« Dans le futur, chacun aura droit à 15 minutes de célébrité mondiale. » Une phrase que Lady Gaga doit avoir sur une carte postale punaisée au-dessus de son lit, tant elle fonde, depuis le début de sa carrière, sa stratégie de communication sur le renouvellement quotidien de ce quart d’heure. C’est ainsi que, tous les jours, la chanteuse trouve de quoi attirer l’attention (déclaration mégalomaniaque, tenue extravagante, performance scénique borderline) : sa vie est une représentation théâtrale ; sa carrière, un attentat permanent aux bonnes mœurs. Cependant, la Lady n’avait jamais atteint l’écueil du « tout marketing », offrant juste assez de fond pour tolérer la forme. Les temps changent.
« Artpop » (ô, subtil clin d’œil à Andy !) est un album clinquant. Passé les trois premières secondes d’une introduction légère à la guitare, l’on se sent submergé, noyé, au bord de la saturation dès le premier titre. « Aura » (puisque tel est le titre final de ce « Burqua » qui buzze depuis plusieurs mois) est une agression sonore indescriptible à la voix robotique et à la structure incompréhensible, ponctuée de hurlements saccadés et de passages mélodiques aussi hors-sujet que le thème du voile dans la bouche de cette obsessionnelle du postérieur. A défaut de pouvoir aimer catégoriquement, on est interpellé. Mais ce qui aurait pu (et dû) rester de l’ordre de l’introduction se décline finalement sur toutes les pistes de l’album, qui présente les mêmes problèmes que « Born This Way » (son prédécesseur) sans en avoir la cohérence. « Artpop » est ainsi un enchaînement de titres étrangement construits, bruyamment mixés, plus ou moins réussis.

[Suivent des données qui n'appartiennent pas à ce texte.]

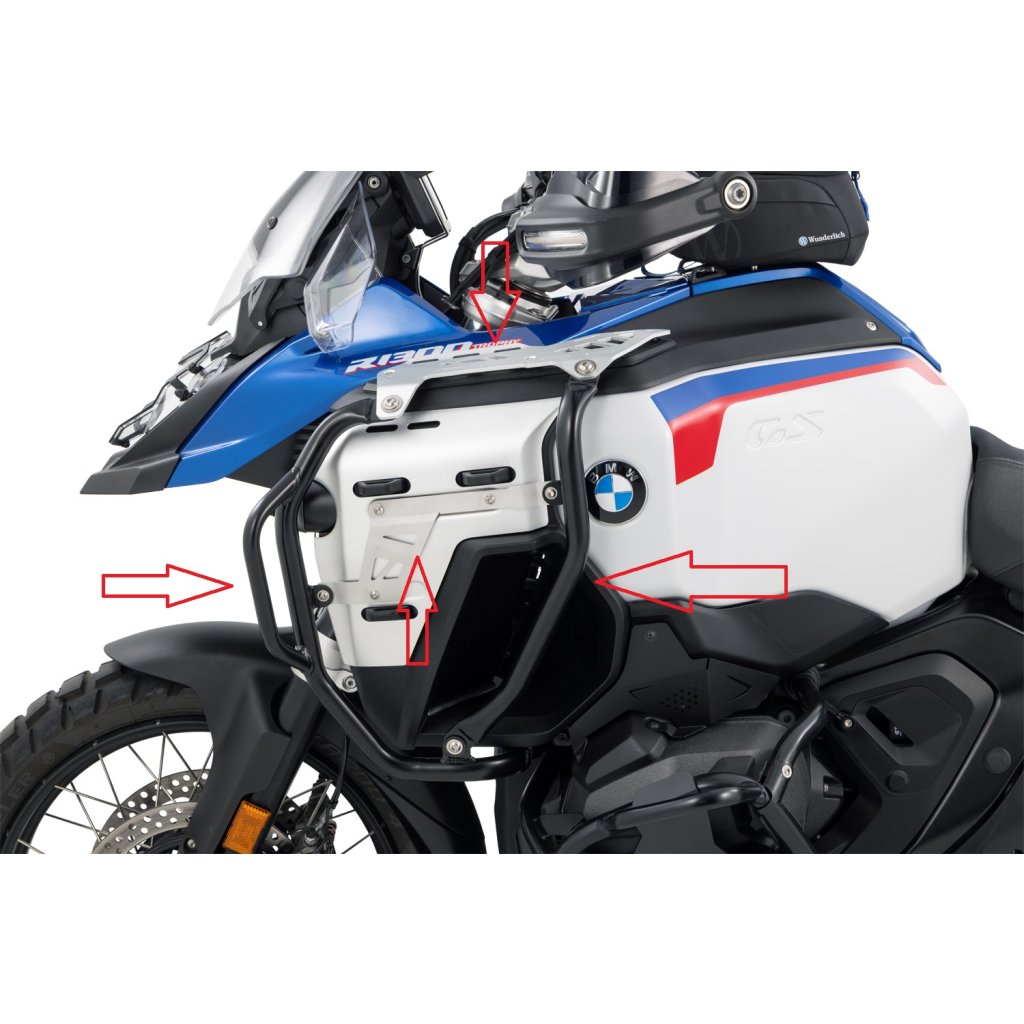 ZESÍLENÍ PRO RÁMY NÁDRŽE Wunderlich ULTIMATE plus doplňují PADACÍ RÁMY NÁDRŽE ULTIMATE a nabízejí úhledně integrovanou extra ochranu pro boky BMW R 1300 GS Adventure

Les gros ratages, disons-le, sont plutôt rares : l’inaudible « Swine » (« porc », pour les non-anglophones), « Jewels n’Drugs (grosse partouze de chanteurs urbains dans laquelle Lady Gaga n’a absolument aucune légitimité) ou encore « Dope » qui, bien que tout à fait inoffensive pour vos tympans, est d’un ennui absolu. Si tout l’album souffre d’une voix étouffée et de bruitages parasites sortis du fond des âges (soit les années 90, temple de l’eurodance), certains titres se rendent sournoisement addictifs par leur sens du gimmick. Gaga a toujours excellé dans ce domaine (« Popopopoker face » !) et nous offre donc une jolie palette de drôleries, de la très théâtrale « Venus » à « Manicure », en passant par l’introduction parodique de « Donatella ». Dommage, donc, que des arrangements grossiers viennent étouffer ces quelques touches mélodiques. Deux exceptions, cependant, qui prouvent que tout espoir de voir Gaga revenir à la pop classique qui l’a lancée n’est pas vain : « Artpop », joliment aérienne, et surtout « Gypsy », incontestable tube de l’album à mi-chemin entre « The Edge of Glory » et « Americano », qui brillera aussi bien sur les dancefloor qu’en piano-voix (n’est-ce pas là ce qui, précisément, fait la force de Gaga par rapport à la plupart des chanteuses de sa catégorie ?).
En bref, un album qui a de sa pochette l’agressivité sans avoir l’audace. Si l’on sent parfois une tentative de revenir aux fondamentaux (« Do What U Want », notamment), l’ensemble reste trop bruyant, approximatif et inégal pour être qualifié de franche réussite. Beaucoup de bruit pour pas grand-chose.